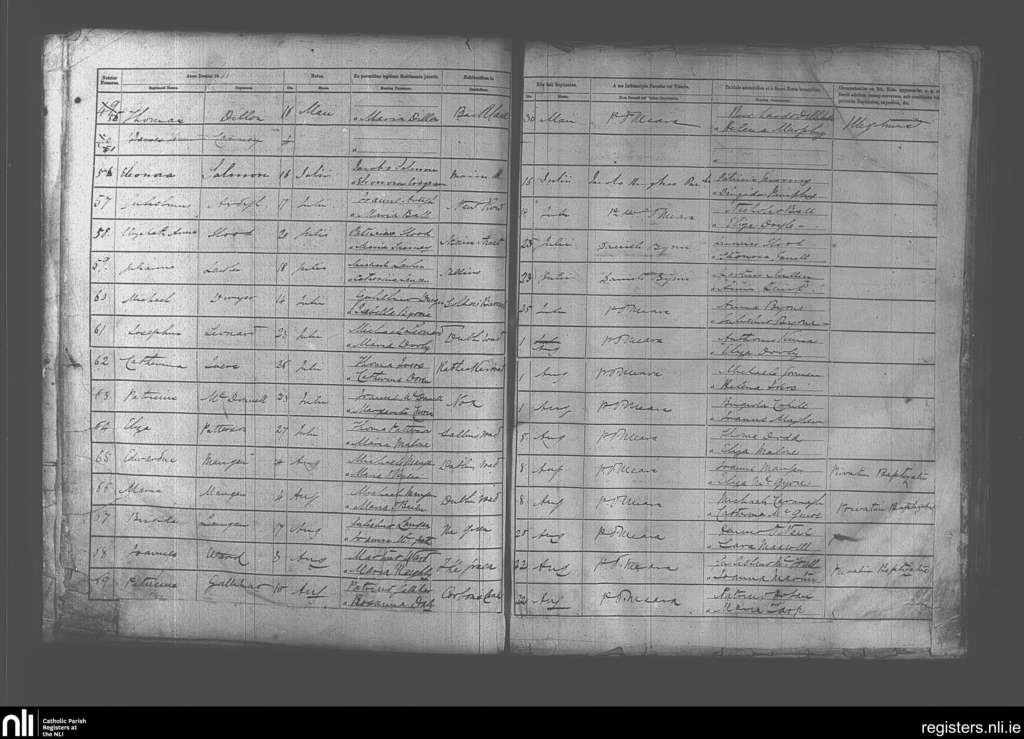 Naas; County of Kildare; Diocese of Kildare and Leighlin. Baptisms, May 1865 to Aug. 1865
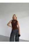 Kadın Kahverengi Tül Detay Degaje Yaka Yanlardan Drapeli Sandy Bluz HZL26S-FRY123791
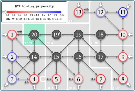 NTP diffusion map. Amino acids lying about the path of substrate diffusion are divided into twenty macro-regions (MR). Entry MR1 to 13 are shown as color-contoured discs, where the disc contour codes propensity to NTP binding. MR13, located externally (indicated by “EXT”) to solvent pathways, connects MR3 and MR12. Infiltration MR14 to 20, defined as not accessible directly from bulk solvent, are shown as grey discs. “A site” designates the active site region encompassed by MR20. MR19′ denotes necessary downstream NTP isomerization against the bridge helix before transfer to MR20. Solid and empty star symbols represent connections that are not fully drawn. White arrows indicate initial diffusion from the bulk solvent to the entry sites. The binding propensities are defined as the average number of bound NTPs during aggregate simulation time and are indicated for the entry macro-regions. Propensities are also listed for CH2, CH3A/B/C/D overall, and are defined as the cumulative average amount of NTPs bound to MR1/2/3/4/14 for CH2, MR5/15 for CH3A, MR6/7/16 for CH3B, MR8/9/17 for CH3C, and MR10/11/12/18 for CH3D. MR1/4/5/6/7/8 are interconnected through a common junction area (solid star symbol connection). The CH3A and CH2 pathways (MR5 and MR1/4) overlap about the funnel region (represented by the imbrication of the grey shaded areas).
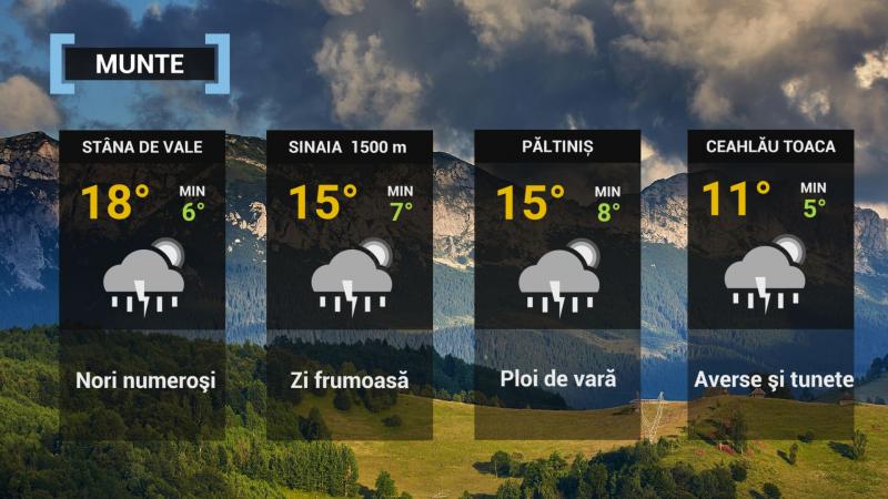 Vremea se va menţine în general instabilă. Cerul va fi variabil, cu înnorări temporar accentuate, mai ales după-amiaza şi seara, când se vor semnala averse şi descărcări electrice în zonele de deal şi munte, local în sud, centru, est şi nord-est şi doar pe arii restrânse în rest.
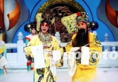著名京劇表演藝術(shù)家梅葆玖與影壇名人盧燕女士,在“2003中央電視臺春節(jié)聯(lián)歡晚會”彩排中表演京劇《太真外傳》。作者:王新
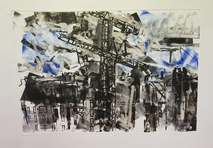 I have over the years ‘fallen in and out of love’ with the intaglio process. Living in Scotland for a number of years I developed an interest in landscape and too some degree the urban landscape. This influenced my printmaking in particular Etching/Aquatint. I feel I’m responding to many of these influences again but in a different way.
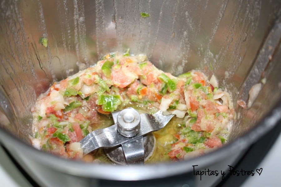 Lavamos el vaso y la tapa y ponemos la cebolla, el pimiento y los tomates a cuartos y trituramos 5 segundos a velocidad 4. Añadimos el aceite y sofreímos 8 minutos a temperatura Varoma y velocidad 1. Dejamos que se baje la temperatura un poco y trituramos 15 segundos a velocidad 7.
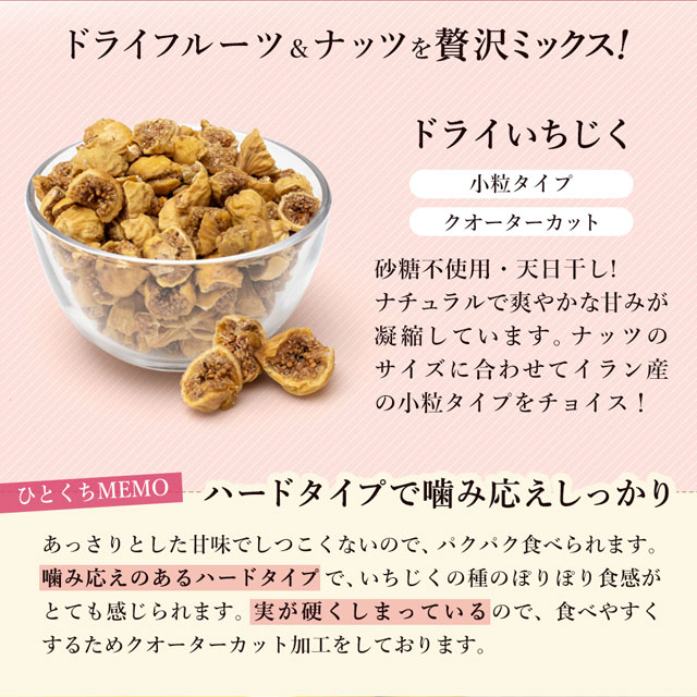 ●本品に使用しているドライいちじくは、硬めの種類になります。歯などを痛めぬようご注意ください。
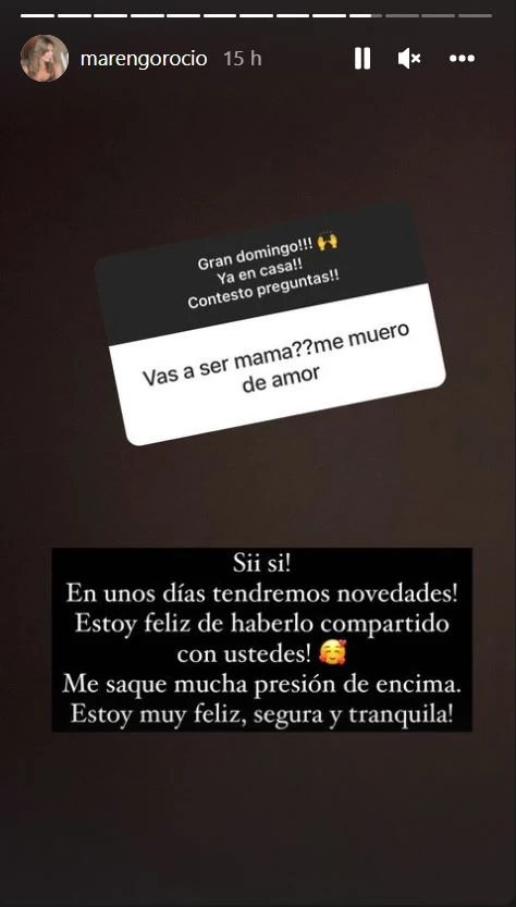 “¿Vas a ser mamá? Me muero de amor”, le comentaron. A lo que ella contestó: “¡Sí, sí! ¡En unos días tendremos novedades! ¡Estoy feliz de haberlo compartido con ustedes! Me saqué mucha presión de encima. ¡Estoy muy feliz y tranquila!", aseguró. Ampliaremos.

════════

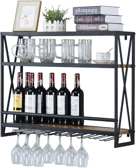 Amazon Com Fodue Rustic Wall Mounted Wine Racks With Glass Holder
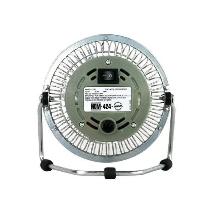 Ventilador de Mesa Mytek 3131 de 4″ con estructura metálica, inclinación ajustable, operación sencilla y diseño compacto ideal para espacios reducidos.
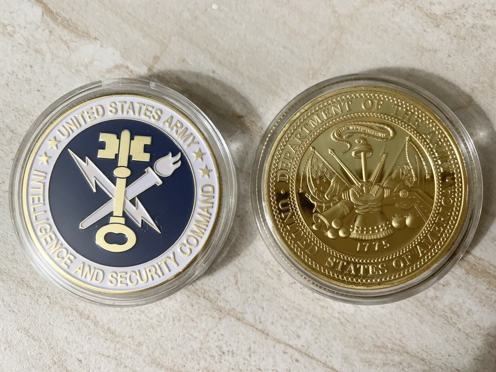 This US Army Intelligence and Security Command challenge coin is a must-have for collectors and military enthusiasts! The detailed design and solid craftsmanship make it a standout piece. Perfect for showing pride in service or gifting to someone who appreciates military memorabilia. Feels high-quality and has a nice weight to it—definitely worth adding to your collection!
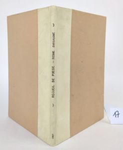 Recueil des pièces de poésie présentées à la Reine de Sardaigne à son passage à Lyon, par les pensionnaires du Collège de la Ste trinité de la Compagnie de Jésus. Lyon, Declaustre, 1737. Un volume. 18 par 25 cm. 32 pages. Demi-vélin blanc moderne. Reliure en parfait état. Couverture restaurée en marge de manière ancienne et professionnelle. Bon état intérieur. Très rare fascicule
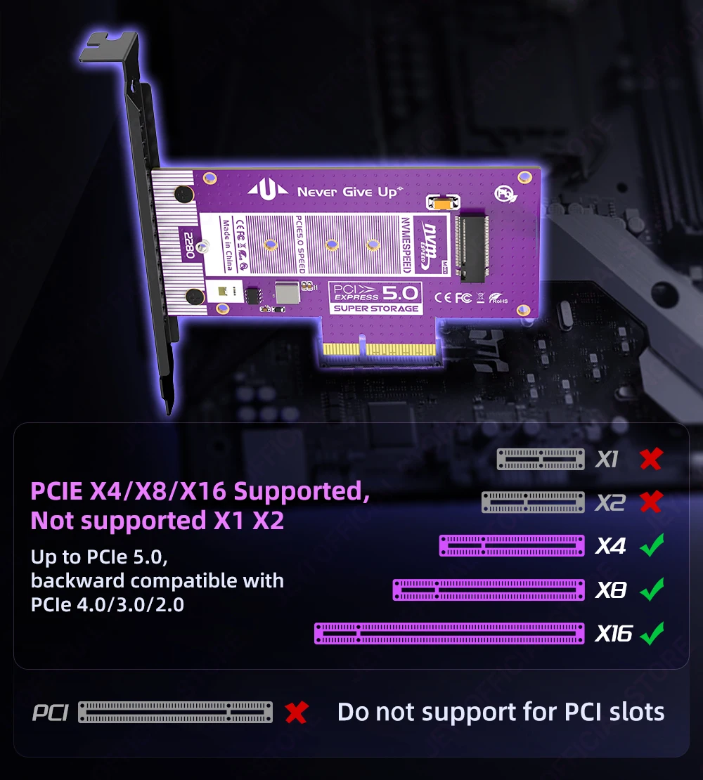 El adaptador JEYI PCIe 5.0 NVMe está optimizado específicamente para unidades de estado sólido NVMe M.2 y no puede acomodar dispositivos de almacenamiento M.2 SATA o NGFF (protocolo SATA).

════════

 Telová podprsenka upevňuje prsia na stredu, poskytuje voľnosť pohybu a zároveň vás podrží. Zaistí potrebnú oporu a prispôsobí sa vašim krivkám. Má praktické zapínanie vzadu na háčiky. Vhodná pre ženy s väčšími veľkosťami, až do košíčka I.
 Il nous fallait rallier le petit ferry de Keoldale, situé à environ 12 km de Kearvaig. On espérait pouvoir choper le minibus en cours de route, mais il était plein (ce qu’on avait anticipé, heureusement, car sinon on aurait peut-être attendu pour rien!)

════════

▸ **About this task**
Each line between the one holding "Naas; County of" and the one holding "I have over", inclusive, should be copied exactly as it appears above, and pictures should be omitted.

▸ **Exercise output**
 Naas; County of Kildare; Diocese of Kildare and Leighlin. Baptisms, May 1865 to Aug. 1865
 Kadın Kahverengi Tül Detay Degaje Yaka Yanlardan Drapeli Sandy Bluz HZL26S-FRY123791
 NTP diffusion map. Amino acids lying about the path of substrate diffusion are divided into twenty macro-regions (MR). Entry MR1 to 13 are shown as color-contoured discs, where the disc contour codes propensity to NTP binding. MR13, located externally (indicated by “EXT”) to solvent pathways, connects MR3 and MR12. Infiltration MR14 to 20, defined as not accessible directly from bulk solvent, are shown as grey discs. “A site” designates the active site region encompassed by MR20. MR19′ denotes necessary downstream NTP isomerization against the bridge helix before transfer to MR20. Solid and empty star symbols represent connections that are not fully drawn. White arrows indicate initial diffusion from the bulk solvent to the entry sites. The binding propensities are defined as the average number of bound NTPs during aggregate simulation time and are indicated for the entry macro-regions. Propensities are also listed for CH2, CH3A/B/C/D overall, and are defined as the cumulative average amount of NTPs bound to MR1/2/3/4/14 for CH2, MR5/15 for CH3A, MR6/7/16 for CH3B, MR8/9/17 for CH3C, and MR10/11/12/18 for CH3D. MR1/4/5/6/7/8 are interconnected through a common junction area (solid star symbol connection). The CH3A and CH2 pathways (MR5 and MR1/4) overlap about the funnel region (represented by the imbrication of the grey shaded areas).
 Vremea se va menţine în general instabilă. Cerul va fi variabil, cu înnorări temporar accentuate, mai ales după-amiaza şi seara, când se vor semnala averse şi descărcări electrice în zonele de deal şi munte, local în sud, centru, est şi nord-est şi doar pe arii restrânse în rest.
著名京劇表演藝術(shù)家梅葆玖與影壇名人盧燕女士,在“2003中央電視臺春節(jié)聯(lián)歡晚會”彩排中表演京劇《太真外傳》。作者:王新
 I have over the years ‘fallen in and out of love’ with the intaglio process. Living in Scotland for a number of years I developed an interest in landscape and too some degree the urban landscape. This influenced my printmaking in particular Etching/Aquatint. I feel I’m responding to many of these influences again but in a different way.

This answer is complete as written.